Нет, им не было смешно. Они смотрели так, будто сожалели, что не могут помочь.

— Лежали бы уж… — проворчал он.

Вот так люди и сходят с ума на необитаемых островах. От одиночества. Нет, волочить тело по камням было бы неправильно — доказывай потом, где посмертные ссадины, а где прижизненные; разбирайся, где сегодняшние разрывы одежды, а где прошлые.

 

Руки дрожали. Не стоило переоценивать собственные силы и доказывать самому себе, что врач-танатолог ничем не хуже строителя волноломов, ежедневно ворочающего камни. Олаф отложил карандаш и бумагу — запись получилась совсем кривая, а почерк его никогда разборчивостью не отличался, — и подошел к секционному столу.
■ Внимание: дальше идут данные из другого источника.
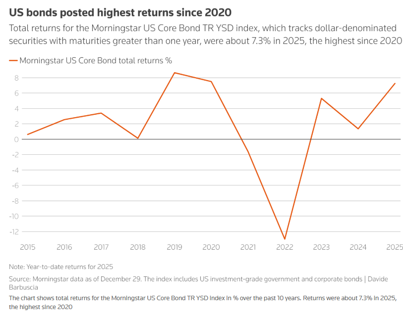 最新统计数据显示,追踪发行期限超过一年且以美元计价债券资产的Morningstar US Core Bond TR YSD指数在2025年的总投资回报约为7.3%,创下自2020年以来最强劲投资回报。该基准指数包含美国国债以及投资级公司债。
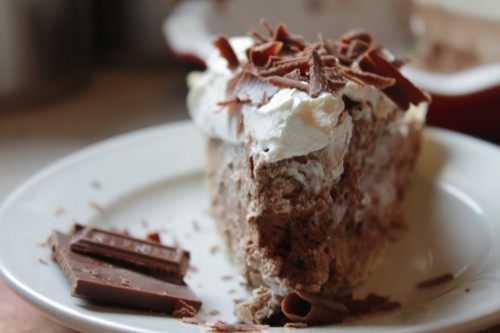 Chocolate…fluffy…creaminess…dessert…folded in whipped topping. What’s not to love about that? The first time I had this pie, I was astonished that it was homemade! It was not from Baker’s Square – although it is very similar to their French Silk pie -and it might be even better.
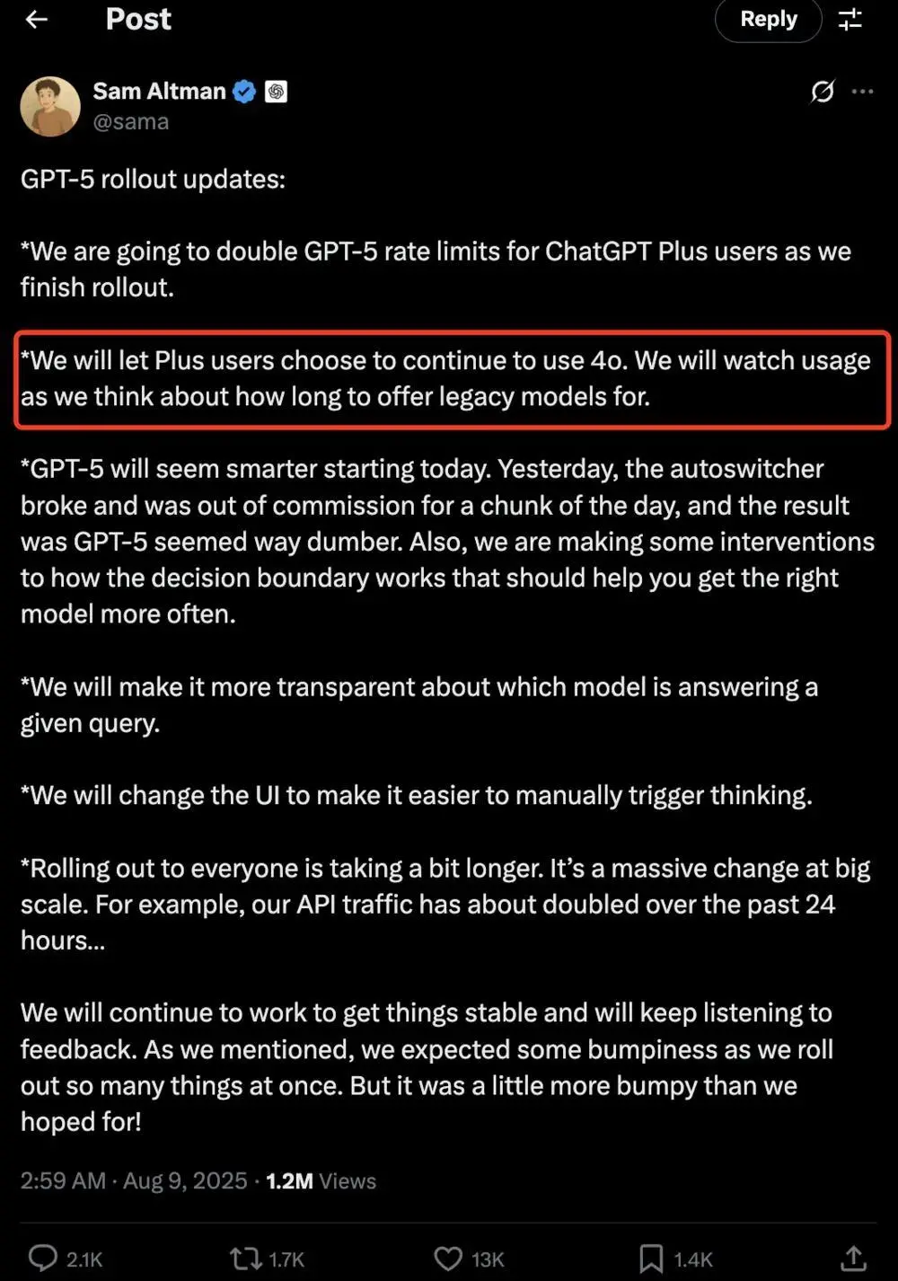 “我们会让 Plus 用户选择继续使用 4o,”Sam说。“在考虑旧模型提供多久时,我们会观察其使用情况。”

Локоны так до конца и не оттаяли…

— Не стесняйся, девочка. Я доктор, — сказал Олаф вслух и про себя подумал: «Твой последний доктор».

Из двух вязанных свитеров — один мужской, судя по размеру. Мужская рубашка из таллофитовой фланели, мужская теплая нательная рубаха, женская нательная трикотажная рубаха, комбинация тонкая с шитьем, бюстгальтер трикотажный таллофитовый. Амулет вплетен в подвеску макраме (кажется, так это у девчонок называлось). Брюки шерстяные с начесом мужские, брюки шерстяные трикотажные женские, рейтузы шерстяные; носки ручной вязки (комплект со свитером Гуннара), носки шерстяные тонкие, стельки валяные (мужские), носки таллофитовые с начесом. Шапка шерстяная ручной вязки. Верхний слой одежды обледеневший, как спереди, так и сзади, внутри одежда влажная на ощупь.
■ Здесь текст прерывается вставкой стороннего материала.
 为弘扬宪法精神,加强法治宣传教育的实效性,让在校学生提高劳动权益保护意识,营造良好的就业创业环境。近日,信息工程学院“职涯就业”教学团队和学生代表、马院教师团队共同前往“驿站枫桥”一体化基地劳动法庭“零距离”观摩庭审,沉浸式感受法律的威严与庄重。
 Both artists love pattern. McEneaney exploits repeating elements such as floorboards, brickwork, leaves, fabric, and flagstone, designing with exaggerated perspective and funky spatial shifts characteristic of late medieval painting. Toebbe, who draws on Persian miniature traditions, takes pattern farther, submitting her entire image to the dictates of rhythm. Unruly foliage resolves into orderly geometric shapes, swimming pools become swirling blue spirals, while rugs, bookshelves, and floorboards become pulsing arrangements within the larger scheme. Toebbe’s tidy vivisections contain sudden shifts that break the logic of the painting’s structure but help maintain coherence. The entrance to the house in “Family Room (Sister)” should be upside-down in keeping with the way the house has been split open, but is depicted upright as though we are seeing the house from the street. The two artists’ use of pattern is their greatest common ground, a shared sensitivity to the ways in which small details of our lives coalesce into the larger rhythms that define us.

Ребята отдали ей самые теплые вещи… Разные носки и единственная стелька Эйрика объяснялись просто: они делили одежду между собой.
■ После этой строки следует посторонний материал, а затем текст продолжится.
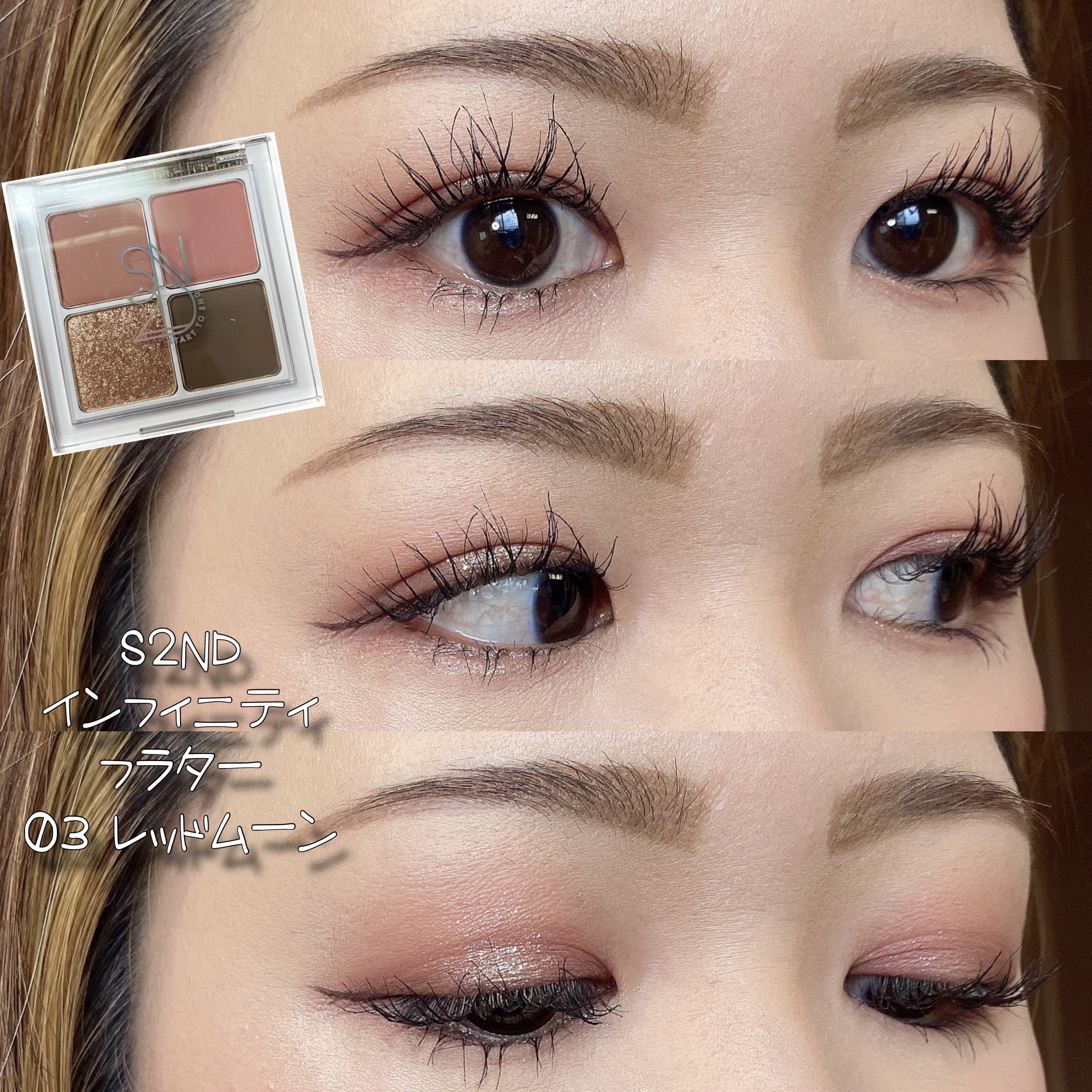 - 無限に煌めくワンタッチテクスチャー。 パーソナルカラーやなりたい印象に合わせて色を選べるアイシャドウパレット「S2ND エスツーエンディー インフィニティフラター」。 スフレのような軽い付け心地。 ひと塗りで均一に広がる柔らかテクスチャーで鮮やかに発色。 粉・ラメ飛びしにくい! 密着感が良く粉飛びを防いでヨレにくいから塗りたての発色が長続き! 捨て色のない4色パレットでメイク初心者でも簡単にアイメイクを楽しめるマルチカラー。
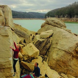 At 1612ft, all boulders but Brianna's Jugs Boulder, Fistful of Figs Boulder, and Calling Card Boulder are out of the water and all of the described boulder problems are climbable by the time the lake level is down to 1586ft.
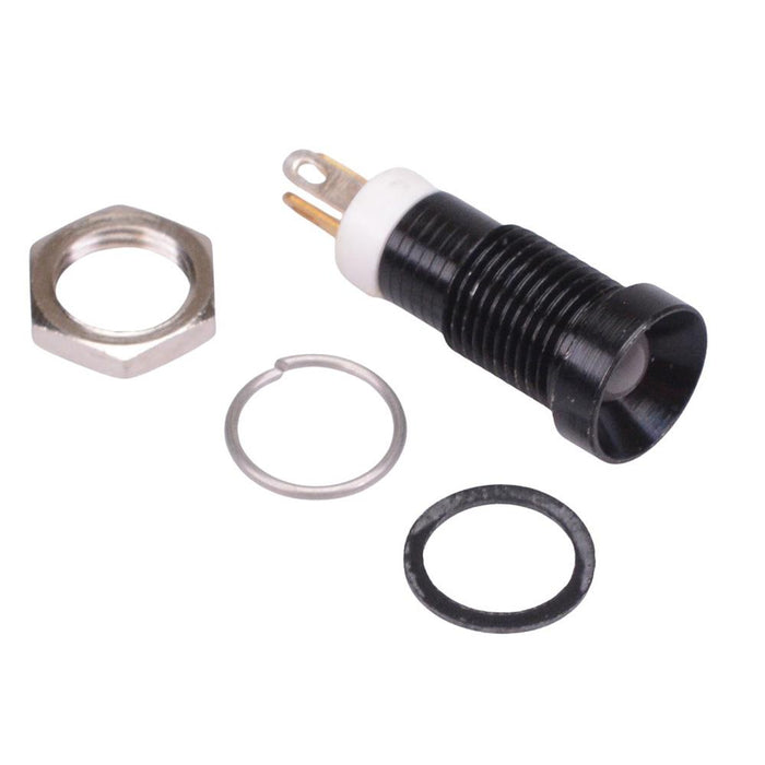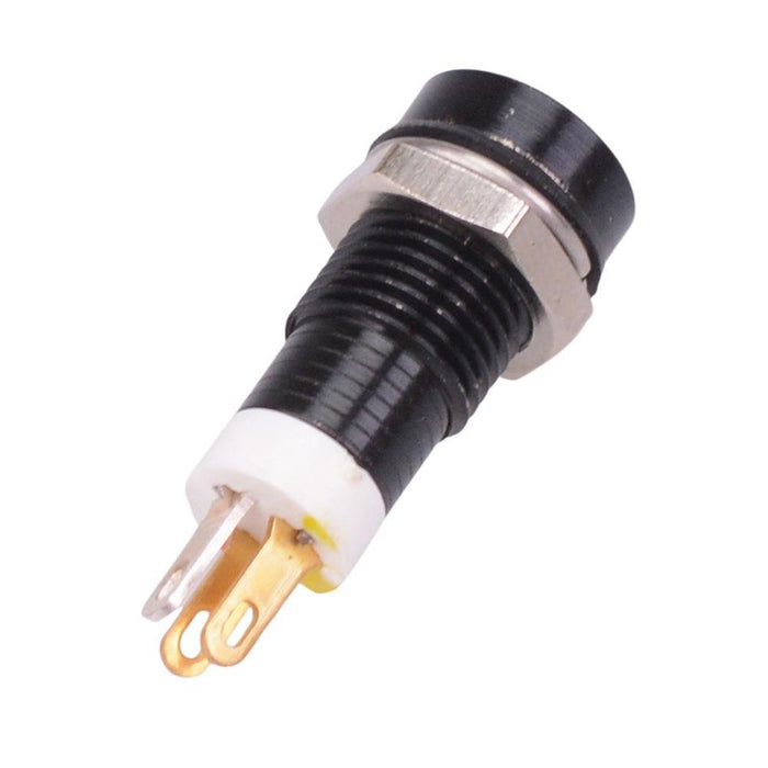 Colour: red / green / yellow Panel cut-out: 8mm Voltage rating: 2.1VDC Current rating: 20mA Panel thickness: 7mm max Brightness: red 150mcd, green 100mcd, yellow 100mcd Operating voltage: 1.8 to 3.3VDC Bezel material: black plated brass Protection level: IP67 Terminal type: quick connect / solder 2.8 x 0.8mm Length: 18.5mm Diameter: 9.4mm UL, REACH and RoHS certified
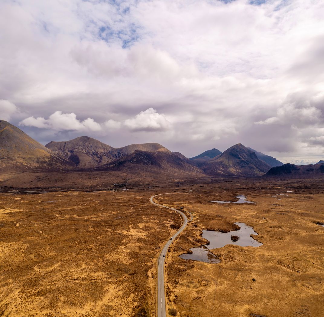 A winding road through the Isle of Skye with the Black Cuilins mountain range on the horizon. On the Isle fo Skye, Scotland.
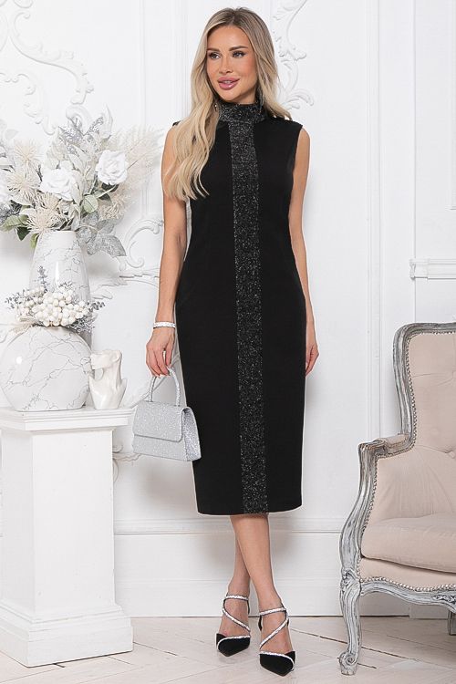 Платье нарядное чёрное без рукавов от бренда Avili. Модель полуприлегающего силуэта, выполнена из костюмной ткани. В среднем шве спинки застежка молния и разрез по низу. По переду декоративная вставка из трикотажа с блеском. Стильный вариант для торжественного мероприятия.
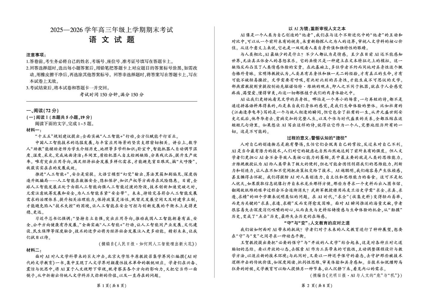 百师联盟2025—2026学年高三年级上学期期末考试 语文.pdf

Девочка лежала на склоне, после дождя со снегом вода стекала вниз. И все же Олаф отметил, что со стороны спины влаги меньше, чем со стороны живота. Высохла? Возможно. Хотя погода и отсутствие ветра в «чаше» к этому не располагали.

Ногтевые и средние фаланги пальцев правой руки темно-коричневые (отморожение третьей-четвертой степени). На левой руке отморожение отсутствовало — довольно было спрятать ладонь в рукав свитера. И, скорей всего, в правой руке она держала фонарик без корпуса. Высматривала кого-то? Это несерьезно, в трех-пяти метрах свет фонарика уже ничего не дает, не прожектор. Фонариком светят под ноги. Шла наверх — и упала?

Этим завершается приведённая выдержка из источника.